Review the concept of potential energy, then use this understanding to make reasonable predictions about the potential energy of two different hydroelectric dams.

**"****Potential energy review"**worksheet**-**one for each pair of students**"Predicting the potential energy of a dam"**worksheet**-**one for each student

- Review the concept of potential energy by having students work with a partner on the
**“Potential energy review”**worksheet and predict which cart has the greater potential energy at the top of the ramp. - After students share their thinking with the class, ask them to decide which of the following predictions is most reasonable:
**Prediction 1:**If the mass of Cart A is increased, it will have even less potential energy because the cart would move at a slower rate.**Prediction 2:**If the mass of Cart A is increased, it could have as much potential energy as Cart B.

- As students share their selections with the class, co-develop or introduce the criteria for a reasonable prediction:
- based on evidence (is the statement based on observable or measurable evidence?)
- logical relationship between the variables (does the statement reflect what we know about the roles that the variables play?)
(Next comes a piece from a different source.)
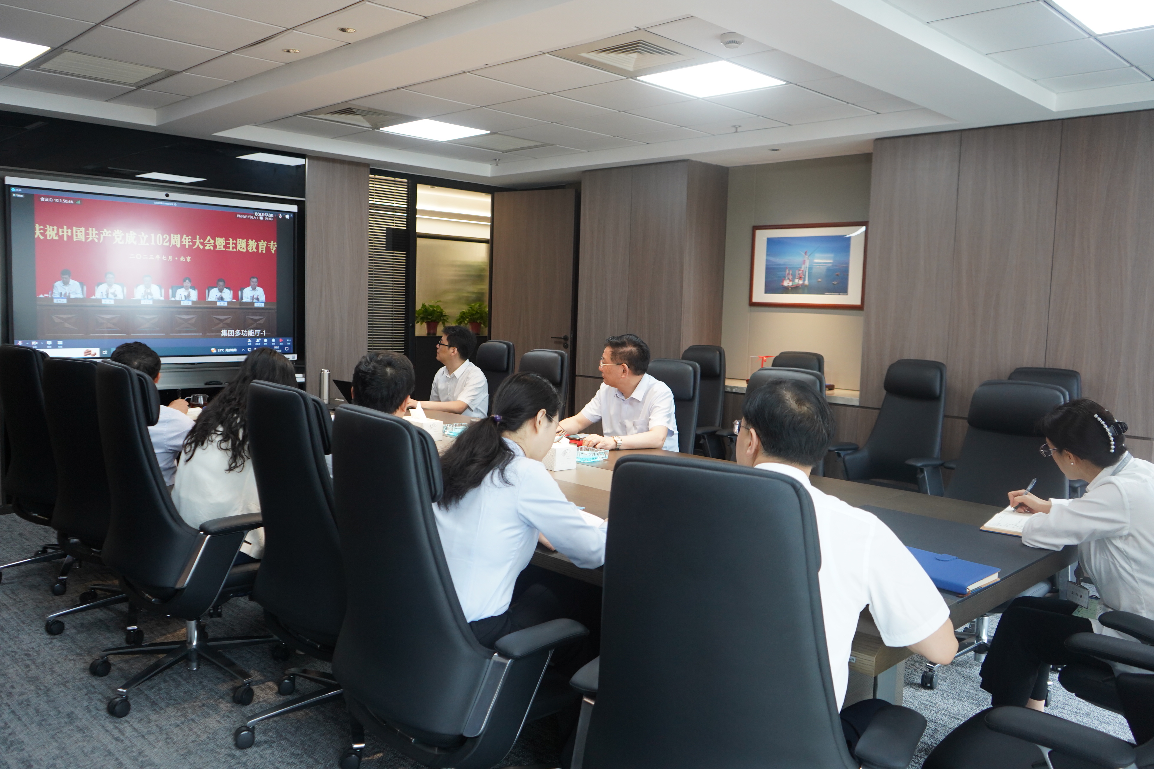 公司在京领导出席会议。总部各部门负责人及以上领导干部、各在京单位党委主要负责人、“一先两优”获奖代表在主会场参会,公司所属单位领导班子、相关部门负责人等在视频分会场参会。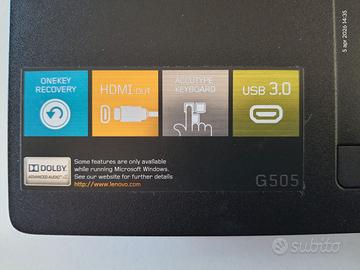 Salve,vendo notebook lenovo G505,con carica Batteria,funzionante in tutte le sue parti solo batteria guasta, il notebook lo vendo per ricambi perche troppo lento nelle applicazioni windows, astenersi perditempo contattare solo se interessati. caratteristiche tecniche:Sistema operativo windows 10 home 64bit ,ram 4GB ddr3 Hard disk 500GB.

- Encourage students to revisit their selection and use the criteria to affirm or refine their choice.
- After students share their decision with the class, inform them that they’ve just used the formula for how potential energy is calculated (gravitational P.E. = mgh).
- The cart example is similar to how hydroelectric dams transform the potential energy of water stored behind the dam into electric energy. In pairs, have each student use the
**“Predicting the potential energy of a dam”**worksheet to create reasonable predictions about the potential energy available to hydroelectric dams based on what they’ve learned. - Share predictions as a class. As students share, have them identify similarities between the cart example and how the potential energy of a dam is calculated.

- Assess students’ ability to work together cooperatively
- Assess each student’s and group’s understanding of energy types and transformations
- Assess each group’s ability to use criteria to make reasonable predictions about the potential energy of dams

- Show students images of hydroelectric dams in B.C. and ask them to predict which dams would have the greatest potential energy.
- If your students would benefit from a refresher on the various parts of a hydroelectric dam, check out "How dams generate electricity".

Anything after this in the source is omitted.